Слушаю на повторе резкие и заряженные треки о том, что нужно мечтать, любить и верить, и биться за свое до последнего, глотаю слезы и стираю их дрожащими пальцами. А из мутного отражения на меня пялятся ошалелые, горящие глаза.
* * *
Глава 37
Я задыхаюсь, как от нещадного тычка в бок, дергаюсь и обнаруживаю, что проспала — летая над пропастью чувств и эмоций, в которую Ваня меня столкнул, я так и уснула с наушником в ухе, и к утру телефон разрядился.
Вскакиваю и скачу в душ, упрямо выдерживаю уколы ледяных струй, вихрем ношусь по дому, на ходу перехватывая приготовленный мамой завтрак, застегивая пуговицу на юбке и расчесывая пятерней буйные патлы.
Забрасываю в сумку
К великому облегчению, за воротами не наблюдается Рюмина — скорее всего, он звонил и, снова и снова нарвавшись на скороговорку вежливого бота, выключил режим джентльмена и не стал меня дожидаться — даже главным отморозкам поселка негоже опаздывать на итоговый тест.
До начала занятий пять минут, я бегу, не ощущая под лоферами асфальта, легкие горят, а затуманенные мысли все никак не обретут стройность.
Вчера у нас с Ваней… было свидание?
Щеки вспыхивают.
Перепрыгиваю злосчастный штырь арматуры, наращиваю темп и врываюсь в класс вместе со звонком. Пробормотав дежурные извинения, низко опускаю голову и спешу к своей парте — создаю для учителя видимость раскаяния, но на самом деле до одури боюсь посмотреть на Волкова. А вдруг с наступлением дня он забыл о вчерашних объятиях и разговорах, или наша прогулка оказалась всего лишь моим красивым сном?..
Но меня обжигает пристальный взгляд черных глаз — я буквально осязаю его кожей, ловлю воздух ртом, всхлипываю и оглядываюсь. Ваня еле заметно краснеет, Инга, до этого увлеченно рывшаяся в рюкзаке, о чем-то его спрашивает, и он делится с ней запасной ручкой. Я безукоризненно отыгрываю равнодушие, киваю девчонкам, сажусь за парту и перевожу дух, и весьма бодрый для раннего часа Илюха как ни в чем не бывало машет с соседнего ряда:
— Лерка! Ну слава Богу, жива! Я себе места не находил! Как ты? — Нас рассадили за болтовню еще в прошлом году, но он все не может свыкнуться с разлукой и частенько вещает через весь кабинет.

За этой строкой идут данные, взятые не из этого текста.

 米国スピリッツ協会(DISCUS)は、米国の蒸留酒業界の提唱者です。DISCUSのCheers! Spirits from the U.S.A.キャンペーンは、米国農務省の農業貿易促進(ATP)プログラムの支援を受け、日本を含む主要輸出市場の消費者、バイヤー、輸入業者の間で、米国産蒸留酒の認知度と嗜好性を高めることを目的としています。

Историчка рассерженно шикает и стучит по столу пультом от проектора.
— Твоими молитвами, придурок… — огрызаюсь тихонько. Я зла на него, зла до чертиков! Он еще ответит за синяк на локте и постарается объяснить, с каких это пор я являюсь объектом его влажных фантазий.
Нам раздают листки и пронумерованные варианты теста, и я ослабевшими пальцами разворачиваю конверт. Не то чтобы я сильно переживаю из-за результата — историю внимательно читала, а даты зубрила, — но сейчас, рассматривая напряженные спины одноклассников, кожей улавливаю волнующее присутствие Вани, и нервы шалят. Совсем недавно я и подумать не могла, что он станет мне настолько близок и дорог, что с ним мне будет комфортно даже молчать, а от его улыбки то и дело начнет барахлить гравитация. Еще год, мы закончим школу и разлетимся кто куда — как в любимой песне Анны Игнатовны про крылатые качели. Только у меня нет ощущения неба, ветра и радости впереди. Лишь страх неизвестности и глухое отчаяние.

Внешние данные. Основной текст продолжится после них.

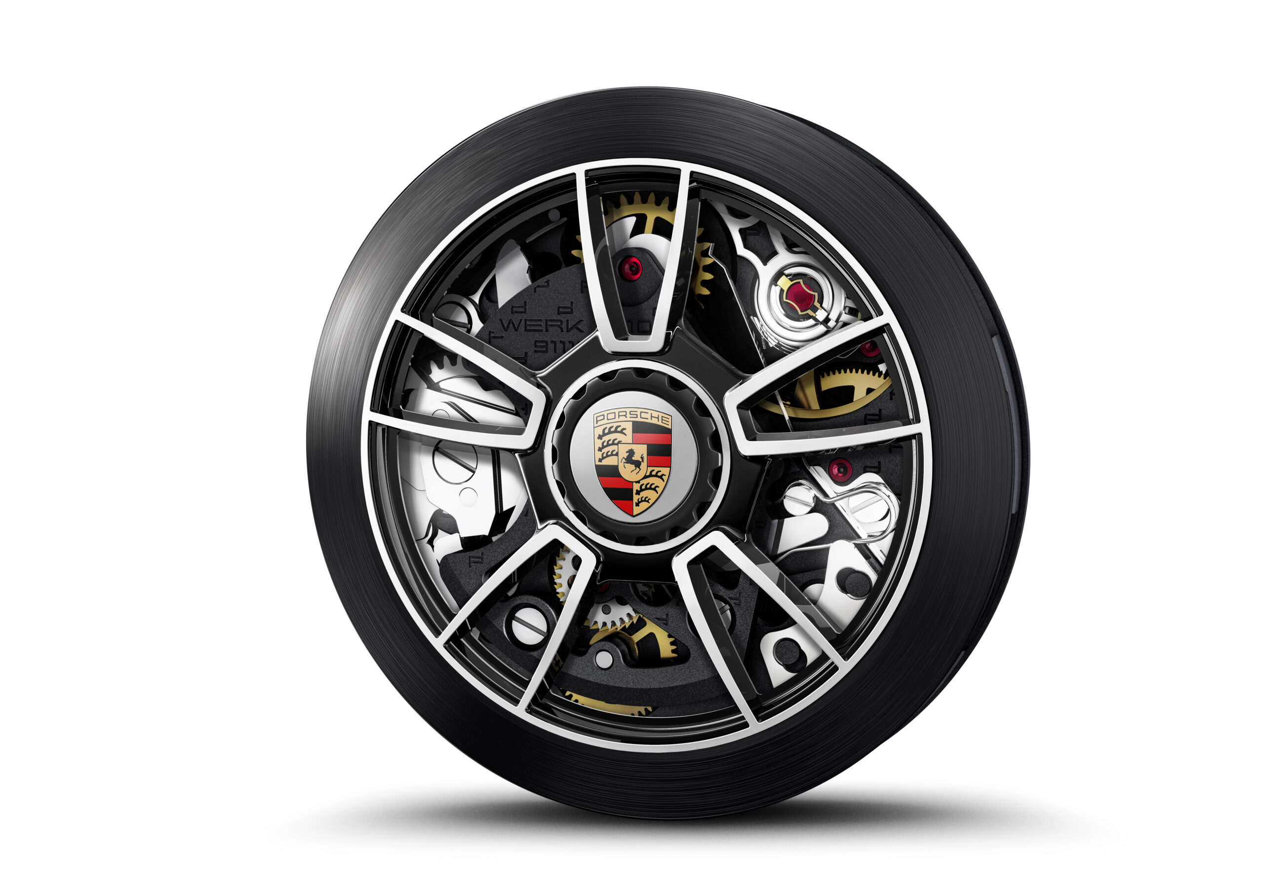 Mit den Porsche Design custom-built Timepieces geht das neue Porsche Design Inhouse-Kaliber WERK 01.100 mit 48 Stunden Gangreserve erstmals in Serie. Highlight des COSC-zertifizierten Werkes ist der individualisierbare Aufzugsrotor im Look der aktuell verfügbaren Felgen des Porsche 911. Zum ersten Mal überhaupt bietet Porsche Design einen Zeitmesser mit einem frei wählbaren Bauteil im Uhrwerk an. „Der Aufwand, alle Varianten im Vorfeld zu prüfen, ist enorm. Doch genau diese Liebe zum Detail erwarten unsere Kunden von uns“, sagt Rolf Bergmann, Leiter Porsche Design Timepieces AG. Von der klassischen 911 Carrera Felge inklusive Rotorabdeckung und zweifarbigem Porsche Wappen bis hin zum 911 Carrera Exclusive Design Rad mit einem goldfarbenen Wappen stehen sechs verschiedene Rotortypen zur Auswahl. Auch die Rotorflanke kann dabei analog zur Felgenflanke beim Fahrzeug in Wunsch-Wagenfarben lackiert werden. Dabei verwendet Porsche Design die original Porsche Farbpalette. Der Rotor der Uhren entspricht einer im Maßstab 1: 22 verkleinerten Version der Originalfelge, angepasst an die Geometrie des Zeitmessers. Die Fertigung der Rotoren erfolgt auf bis zu fünf Tausendstel Millimeter genau. Das Porsche Wappen, an der Fahrzeugfelge rund 50 Millimeter groß, misst auf dem Aufzugsrotordeckel lediglich 3,3 Millimeter in der Breite und 4,4 Millimeter in der Höhe. Dennoch bleibt das Porsche Wappen mit bloßem Auge gut erkennbar.

Ваня здесь не навсегда. Его пребывание рядом — как вечер последних выходных августа, и горло сводит от ощущения скорой потери.
Теперь я знаю, что отстраненность Волкова распространялась не только на меня — это его привычная роль вечного одиночки без цели и якоря. Он не привязывается, не рассказывает о планах или вообще их не строит, не ищет отношений, потому что его настоящая жизнь и проблемы поставлены на паузу по приезде сюда. Только история Инги смогла пробиться сквозь возведенную им стену и задеть за живое, и он сделал все, чтобы ей помочь. Да он и сам говорил, что его ничто здесь не держит. А как же тогда… без него буду жить я?..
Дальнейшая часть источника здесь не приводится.